INSTRUCTIONS FOR THE TASK – Retype, exactly and with both ends included, the lines below from the one containing "Жилет свободного силуэта" through the end; omit the pictures.

LISTED ENTRIES –
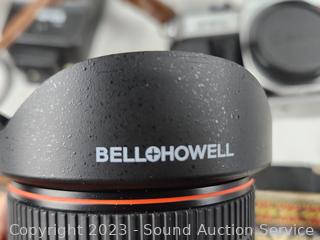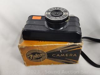 Falcon miniature camera, comes with original box. Canon FD 50mm 1:1.8 lens, Super Dejur MC 1:2.8 f=28mm lens, Dejur 1:2.8 f=135mm lens, Bell & Howell 8mm 1:3.5 Fish-Eye lens, flash, teleconverter, motor winder, filter, strap, mounting plate, camera bag.
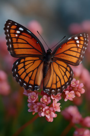 A viceroy butterfly perched on pink flowers.
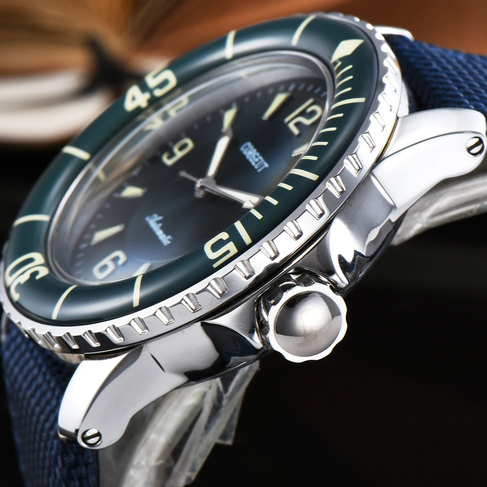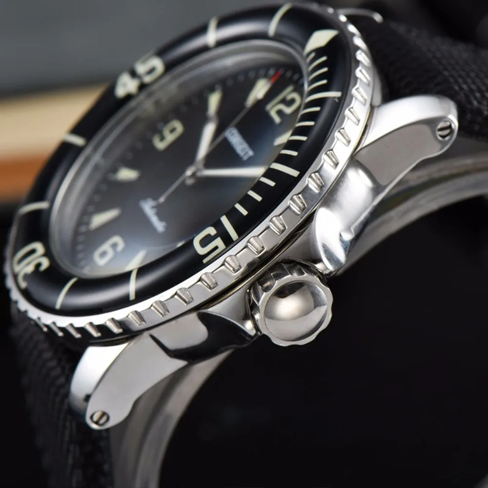Бренд: corgриста Механизм: Чайка 1612 механизм Механизм miyota 8215 Материал корпуса: полированный корпус из нержавеющей стали 316L Размер Чехла: 45 мм без короны Чехол Thickiness: 15 мм твердая задняя крышка. Цвет циферблата: зеленый/черный циферблат Ремешок: 23 мм смешанная ткань и кожаный ремешок с обычной пряжкой Тан. Стекло: специальное минеральное стекло с защитой от царапин Водонепроницаемость: 5 атм Светящийся: суперзеленый светящийся
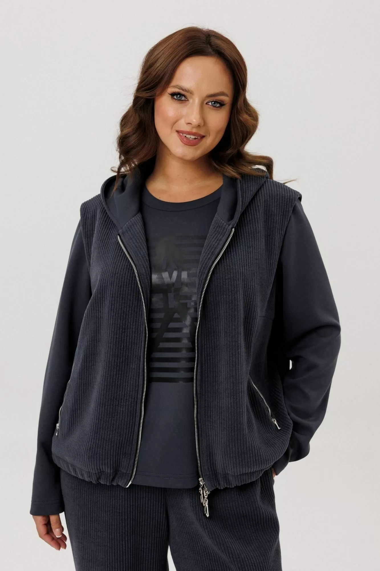 Жилет свободного силуэта с капюшоном, без рукавов. По переду карманы на молнии, по низу на кулисе-резинке.. Застежка на тесьму-молнию по переду.
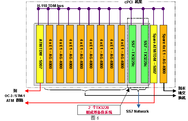 為具體起見(jiàn),圖6給出一個(gè)960話(huà)音端口的應(yīng)用方案,其中用到了三種NMS公司的設(shè)備:AG-4000c、S007和TX-3220c,圖中未列出用來(lái)運(yùn)行應(yīng)用程序的CPU板(AG4000系列板卡不含CPU,而AG600eC包含了CPU)。
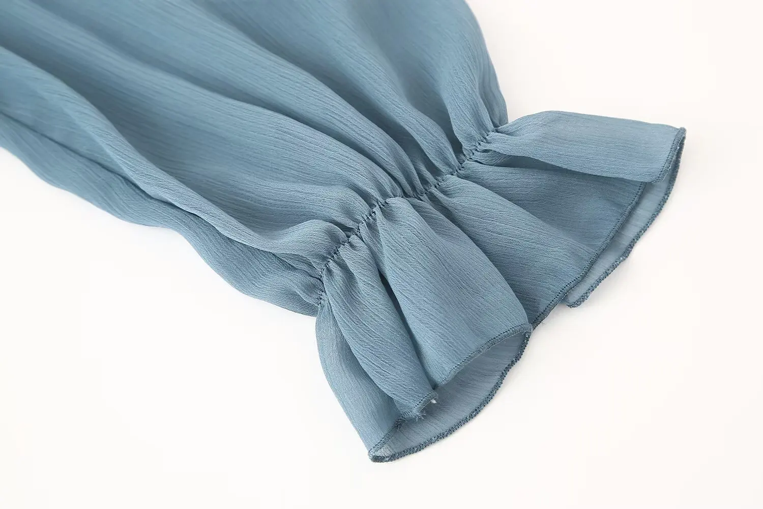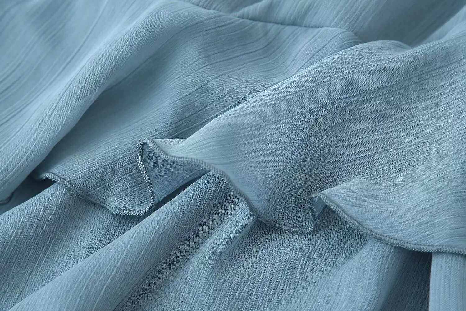 - Design: V-neckline with long sleeves, layered tiered decoration, and an adjustable waist belt for a flattering fit.
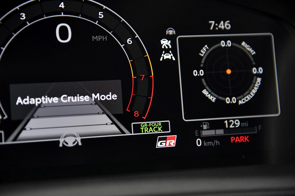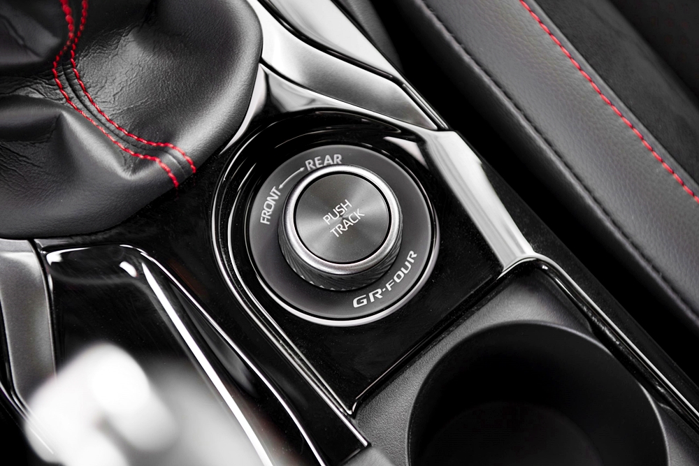 - Sistem GR-FOUR All-Wheel-Drive (AWD) boleh dilaraskan dengan nisbah agihan tork 60:40, 50:50 atau 30:70, antara roda depan dan belakang.
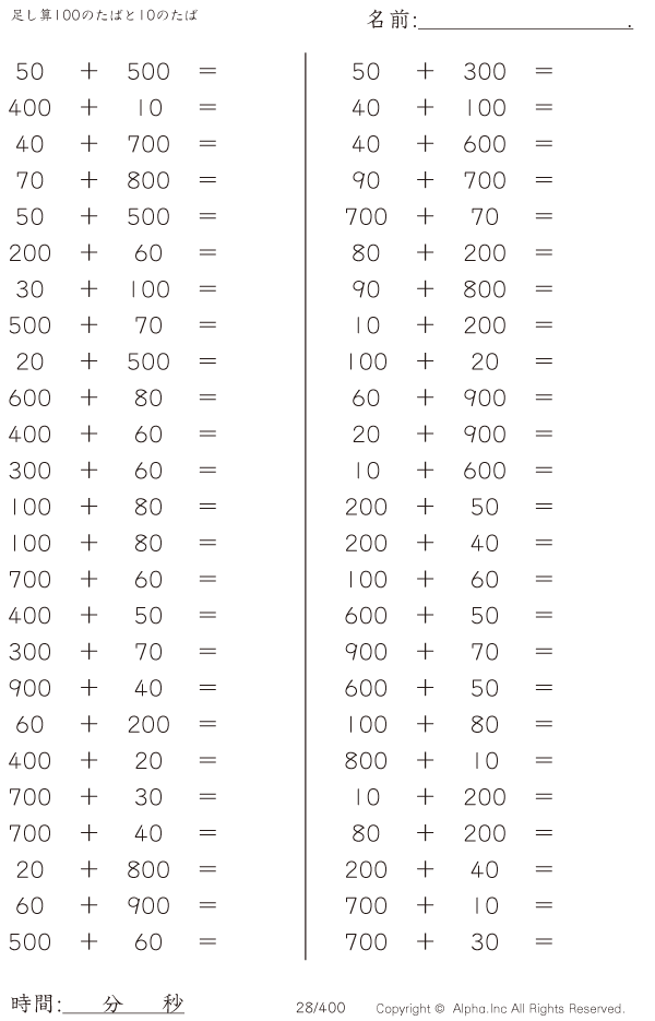 足し算100のたばと10のたば [問題]028/400

RESPONSE AREA –
 Жилет свободного силуэта с капюшоном, без рукавов. По переду карманы на молнии, по низу на кулисе-резинке.. Застежка на тесьму-молнию по переду.
 為具體起見(jiàn),圖6給出一個(gè)960話(huà)音端口的應(yīng)用方案,其中用到了三種NMS公司的設(shè)備:AG-4000c、S007和TX-3220c,圖中未列出用來(lái)運(yùn)行應(yīng)用程序的CPU板(AG4000系列板卡不含CPU,而AG600eC包含了CPU)。
 - Design: V-neckline with long sleeves, layered tiered decoration, and an adjustable waist belt for a flattering fit.
 - Sistem GR-FOUR All-Wheel-Drive (AWD) boleh dilaraskan dengan nisbah agihan tork 60:40, 50:50 atau 30:70, antara roda depan dan belakang.
 足し算100のたばと10のたば [問題]028/400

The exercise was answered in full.